Florida Noxious Weed List

Pueraria montana

Kudzu

Introduction

An estimated 2 million acres of forest land in the southern United States is covered with kudzu. Kudzu was promoted as a forage crop and an ornamental plant when it was introduced to the U.S. at the Philadelphia Centennial Exposition in 1876. Many southern farmers were encouraged to plant kudzu for erosion control from the mid 1930’s to the mid 1950’s. In 1953, kudzu was removed from the US Department of Agriculture’s list of permissible cover plants due to its recognition as a pest species. Currently in Florida, kudzu has been documented in 14 counties and is listed as a Category I invasive species.

kudzuView the herbarium specimen image from the University of Florida Herbarium Digital Imaging Projects.

Description

Kudzu is a climbing, semi-woody, perennial vine in the legume family that has the potential to reach up to 100 feet in length.

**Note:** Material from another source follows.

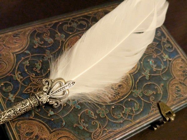 セリアの文房具コーナーをのぞいたら、某魔法学校での生活を想像させる素敵アイテムを発見しました。 天然の羽を使用した「羽根ペン」です。 羽根は白・青・黒…

Stems can reach the diameter of ½ to 4 inches, but there are report of old ‘stumps’ nearly 12 inches across in Georgia. Alternately arranged leaves are compound with three broad leaflets up to 4 inches across. Leaflets may be entire or deeply 2-3 lobed with hairy margins. Flowers are ½ inch long, purple, highly fragrant and borne in long hanging clusters. Flowering occurs in late summer, followed by the production of brown, hairy, flattened, seed pods that contain three to ten seeds.

Impacts

Kudzu will grow over anything in its path (other plants, buildings, road signs) and eventually kill other plants it covers because it blocks out sunlight. Kudzu will also girdle stems and tree trunks, break branches, and uproot trees and shrubs through the masses of vegetation produced. Kudzu has been reported to grow roughly one foot per day once established.

Management Plan


Preventative

Total eradication of kudzu is necessary to prevent re-growth. This requires continuous monitoring and thoroughness when treating. To prevent reestablishment, replanting after treatment is critical. Prevent the production of viable seed and destroy the plant's ability to reproduce vegetatively.

Cultural

Young colonies can be eradicated in three to four years if plants are overgrazed or persistently cut back repeatedly during the hottest temperatures of summer. Close grazing for three to four years can totally eliminate kudzu when at least 80% of the vegetative growth is continuously removed by livestock. An old rule of thumb is 8 goats per acre stocking rate for kudzu control.

Mechanical

The massive root system and crowns must be destroyed for long term control of kudzu. Cut vines just above ground level and destroy all cut material. Close mowing every month for two growing seasons or repeated cultivation may be effective. Pre-burning, cutting, hand digging and disking will weaken the roots and aid in control when used in conjunction with herbicides.

Biological

Biological control agents are being investigated, but the recent introduction of asian soybean rust is thought to be very devastating to kudzu.

Chemical

Glyphosate, chlopyralid (Transline), metsulfuron (Escort) and aminopyralid (Milestone VM) can be used to control kudzu. Follow label directions and precautions.